Las 10 horas de vuelo ocurrieron sin contratiempos y aterrizamos a la hora especificada en el aeropuerto de la Ciudad de México, donde ya me esperaba Georgina, quien renegó de acompañarme en taxi a la casa de Joshua e insistió que nos fuéramos en metro. ¡Claro! Como ella no cargó mi backpack ni llevaba portátil. Llegando a Taxqueña no pude más y le pedí que cenáramos en donde sea y caminamos al Toks más cercano. Después de cenar y descansar un poco caminamos rumbo a la parada de camiones para tomar el autobús hacia la calzada del Hueso. Al llegar vimos la ingente fila de gente esperando al menos los próximos dos servicios. Me rebelé, no iba a esperar ahí, cargado como un camello, jetlaggeado, para llegar a una casa a descansar un rato. Así que determiné coger un taxi que nos llevara a mi destino.

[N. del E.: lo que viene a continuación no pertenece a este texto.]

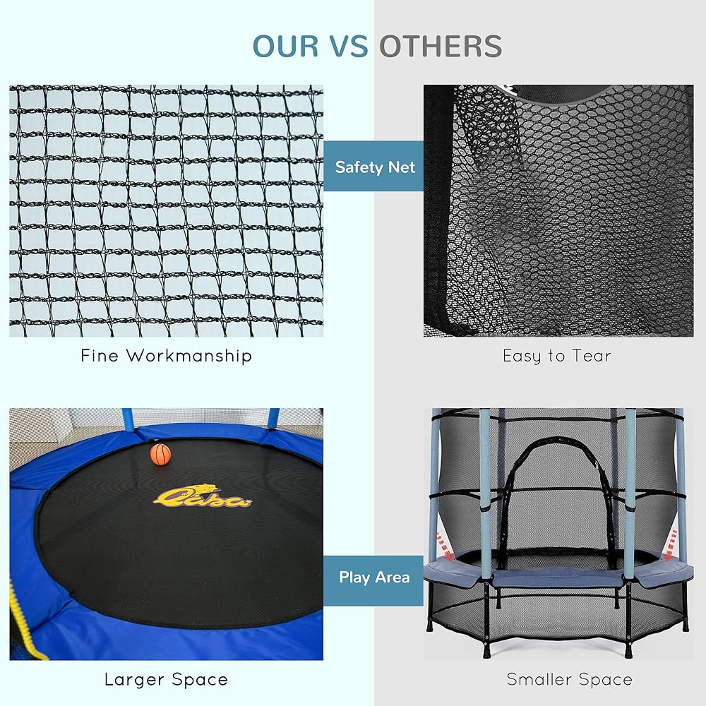السلامة: توفر الحبال المطاطية خيارًا أكثر أمانًا من الزنبركات، مما يقلل من خطر الألم أو الإصابات. أعمدة سميكة مبطنة ومنصات أمان لمنع الحوادث. شبكة تحيط بالترامبولين الترفيهي، حتى لا يسقط الأطفال أثناء القفز.
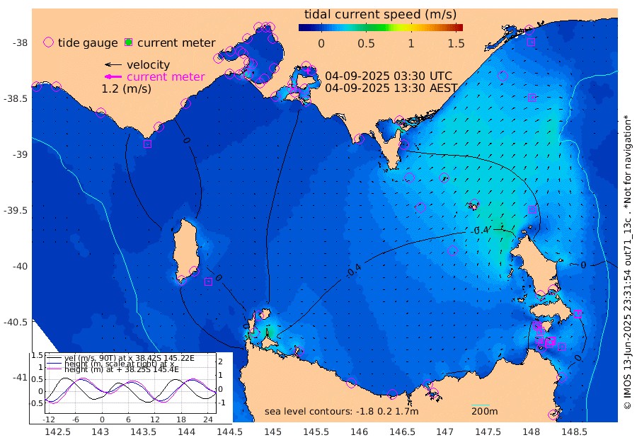 19cm/s 119T +9cm/s rms + 16cm/s 128T. CWTb1 63m 15cm/s 111T +8cm/s rms + 14cm/s 130T. C1A1 56m 8cm/s -86T +8cm/s rms + 12cm/s 12T. C1A3 27m 12cm/s 131T +0cm/s rms + 0cm/s 0T. CW1 32m 16cm/s 136T +11cm/s rms + 9cm/s 121T. CW2A1 44m 11cm/s 142T +7cm/s rms + 12cm/s 156T. CW2A2 44m 12cm/s 154T +7cm/s rms + 4cm/s 115T. CW3 33m 14cm/s 112T +9cm/s rms + 6cm/s 84T. CW4A1 30m 10cm/s 49T +5cm/s rms + 7cm/s 87T. CW4A2 36m 17cm/s 32T +9cm/s rms + 16cm/s 35T. CW6A1 37m 7cm/s 82T +6cm/s rms + 4cm/s 94T. CW6A2 31m 13cm/s -1T +4cm/s rms + 6cm/s 137T. BASS-CS91 47m 16cm/s 67T +11cm/s rms + 3cm/s -58T. BASS-CS91 70m 7cm/s 82T +10cm/s rms + 1cm/s 137T. BASS-CS91 47m 4cm/s 25T +10cm/s rms + 3cm/s 42T. BASS-CS91 53m 2cm/s -141T +8cm/s rms + 2cm/s 81T. BASS-CS91 64m 7cm/s 13T +6cm/s rms + 5cm/s 151T. BASS-UN91 115m 7cm/s -42T +4cm/s rms + 3cm/s 111T. Tas91 UNSW Mooring #1 65m 95m -1cm Lakes Entrance (Outer) 0cm Barracouta Platform -26cm Hogan Island -25cm Port Welshpool Pier -25cm Rabbit Island -28cm East Moncoeur Island -35cm Curtis Island -31cm Waratah Bay -23cm San Remo -22cm Elizabeth Island -19cm Bouchier Channel -18cm Tooradin -21cm Cowes Jetty -20cm Western Port (Stony Point) -20cm Western Port (Sandy Point) -17cm Flinders Jetty 11cm Mornington 11cm Sandringham 11cm Rosebud Jetty 10cm Hovell Pile 5cm South Channel -2cm Point Lonsdale 3cm Queenscliff 11cm West Channel Pile -11cm Barwon Heads 10cm St Leonards 11cm Point Richards (Corio Bay) 10cm Point Richards Channel 12cm Geelong 12cm Werribee 11cm Altona 11cm Wilson Spit 11cm Melbourne (Williamstown) 11cm St Kilda 0cm Lorne 9cm Apollo Bay -28cm Garden Cove -51cm Bass Pyramid 16cm Seal Bay 13cm King Island (Grassy) -31cm Stack Island -24cm Three Hummock Island -59cm Stanley -63cm Burnie -65cm Devonport -64cm Low Head -59cm Bell Bay -52cm Big River Cove -28cm Lady Barron Harbour -22cm Swan Island 1cm Eddystone Point -11cm St Helens 34cm Port Campbell 34cm Warrnambool 34cm Port Fairy

Al llegar Joshua me reclamó, con justa razón, la tardanza, me estaba esperando desde hacía varias horas y estaba preocupado. Me disculpé y acompañamos a Georgina a tomar un camión que cruzaría todo el D.F. para llevarla a su casa, que queda por la conflictiva Iztapalapa. Así que mis pobres huesos, molidos por los palos de tanto viajar, tuvieron que caminar en la espesura de la noche del D.F., en esa tenebrosa jungla de concreto, poblada de diabólicos monstruos, para llevar a Georgina hasta la parada de un camión que fuera por aquellos rumbos alejados de la mano del señor y de la buenas costumbres.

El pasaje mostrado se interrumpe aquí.